* [WORK TASK]: Your answer must be an exact transcription of the data, with every picture omitted.

* [DATA PROVIDED]:
· · · · ·

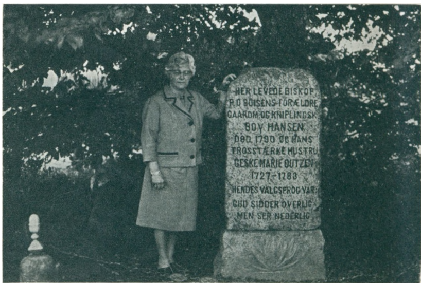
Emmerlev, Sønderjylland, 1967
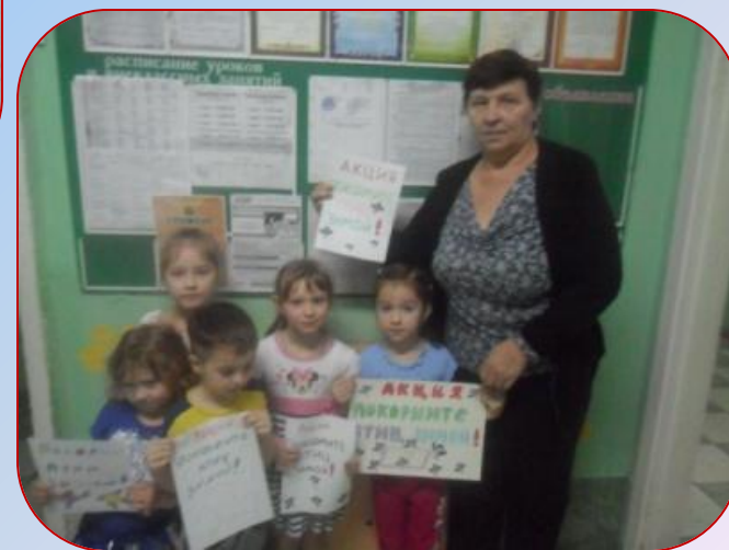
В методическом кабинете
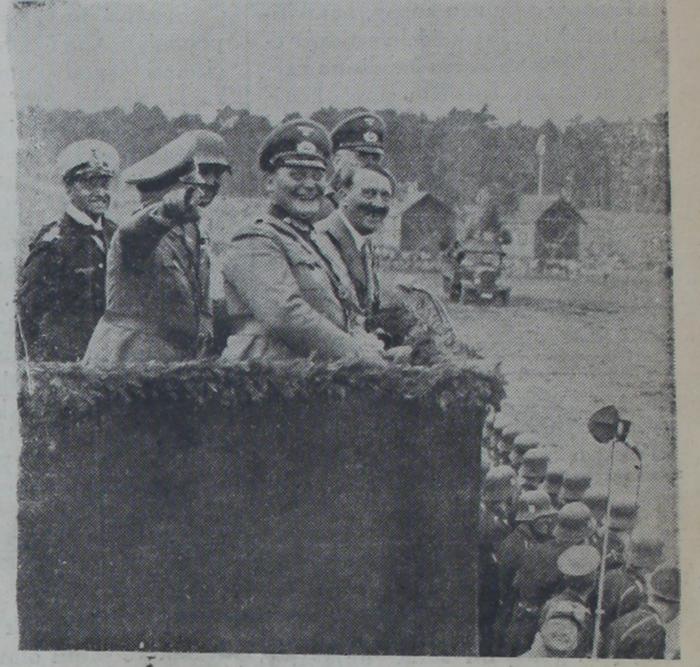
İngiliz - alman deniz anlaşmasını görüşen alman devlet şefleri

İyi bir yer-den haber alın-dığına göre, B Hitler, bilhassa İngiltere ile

· · · · ·

* [OUTPUT OF THE TASK]:
Emmerlev, Sønderjylland, 1967
В методическом кабинете
İngiliz - alman deniz anlaşmasını görüşen alman devlet şefleri

İyi bir yer-den haber alın-dığına göre, B Hitler, bilhassa İngiltere ile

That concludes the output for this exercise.